What you will do:
The material below includes pictures; leave them out and return only the lines between the line containing "Iconifyの画面右上には" and the line containing "Ručník z měkké", inclusive, word for word.

Data shown:
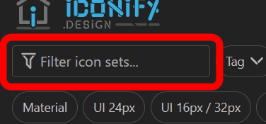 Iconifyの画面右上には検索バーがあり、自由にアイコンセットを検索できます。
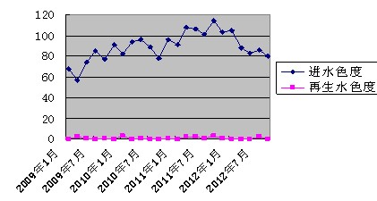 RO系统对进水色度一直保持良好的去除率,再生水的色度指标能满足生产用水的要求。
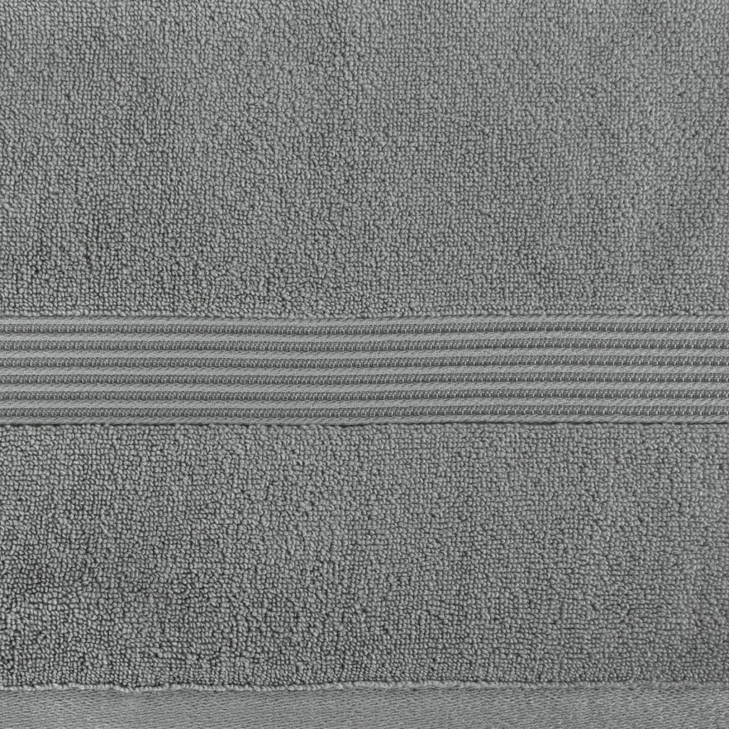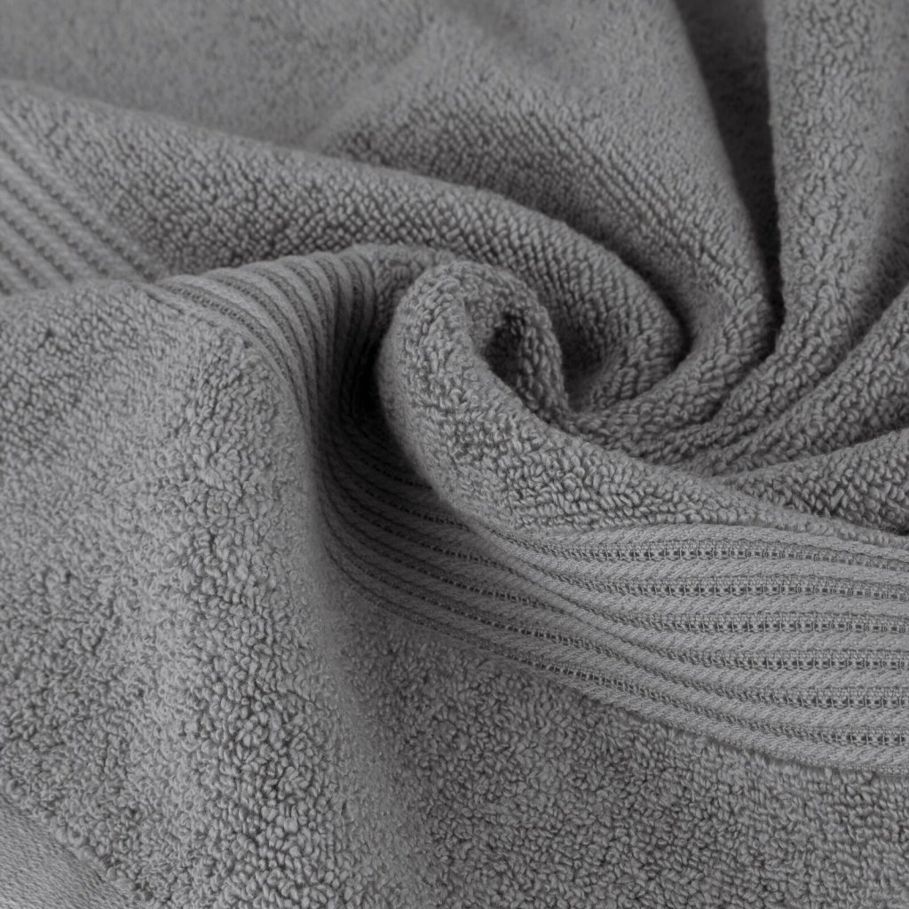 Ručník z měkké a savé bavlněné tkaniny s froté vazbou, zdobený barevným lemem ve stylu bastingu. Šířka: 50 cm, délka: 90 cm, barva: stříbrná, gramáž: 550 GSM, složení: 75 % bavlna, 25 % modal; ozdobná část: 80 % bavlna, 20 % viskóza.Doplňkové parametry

---

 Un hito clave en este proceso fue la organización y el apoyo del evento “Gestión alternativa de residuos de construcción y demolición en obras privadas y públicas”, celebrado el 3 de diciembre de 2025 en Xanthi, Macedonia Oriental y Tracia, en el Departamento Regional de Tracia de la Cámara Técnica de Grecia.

* * *

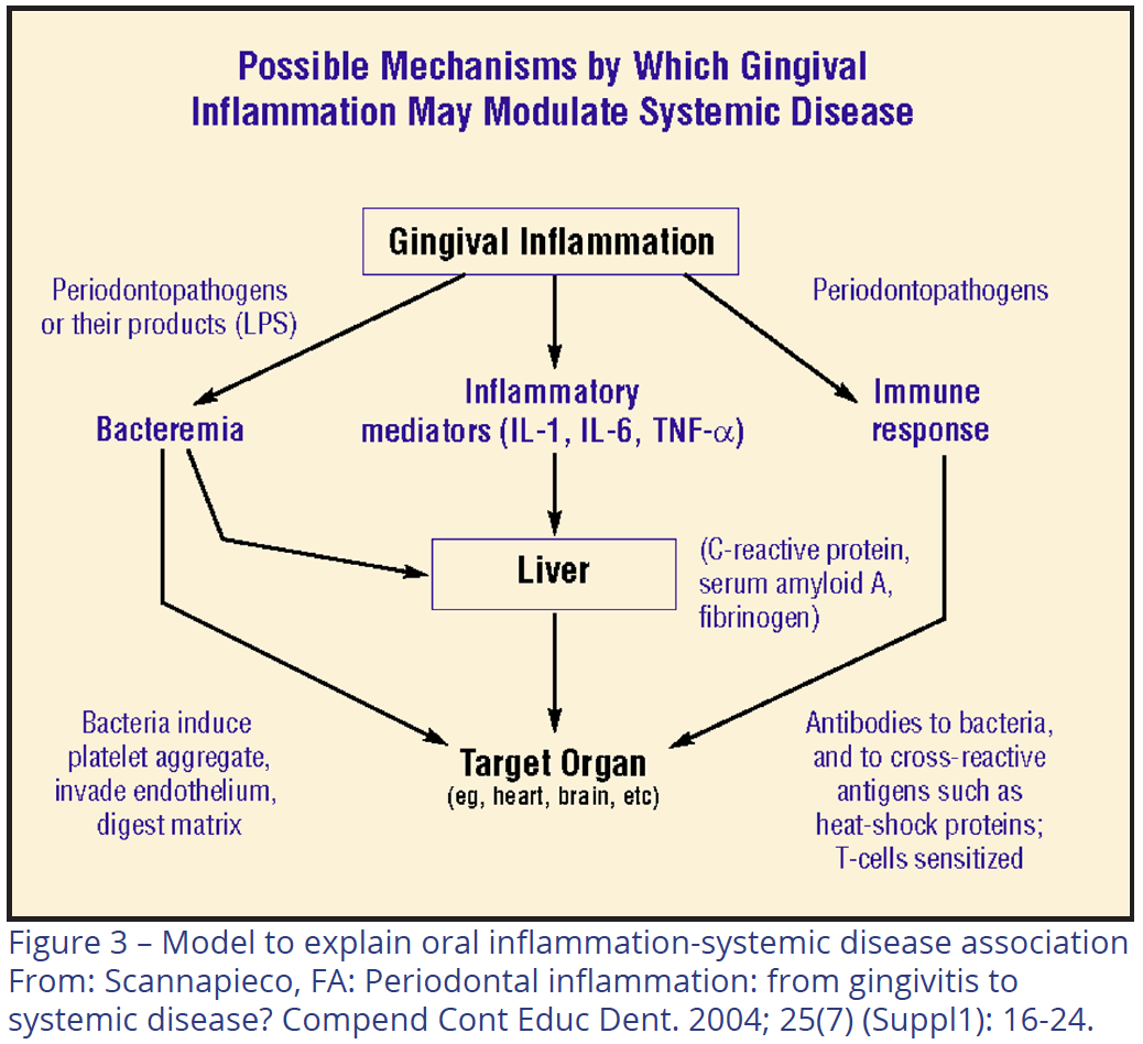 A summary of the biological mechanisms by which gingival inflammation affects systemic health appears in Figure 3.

Written response:
 Iconifyの画面右上には検索バーがあり、自由にアイコンセットを検索できます。
 RO系统对进水色度一直保持良好的去除率,再生水的色度指标能满足生产用水的要求。
 Ručník z měkké a savé bavlněné tkaniny s froté vazbou, zdobený barevným lemem ve stylu bastingu. Šířka: 50 cm, délka: 90 cm, barva: stříbrná, gramáž: 550 GSM, složení: 75 % bavlna, 25 % modal; ozdobná část: 80 % bavlna, 20 % viskóza.Doplňkové parametry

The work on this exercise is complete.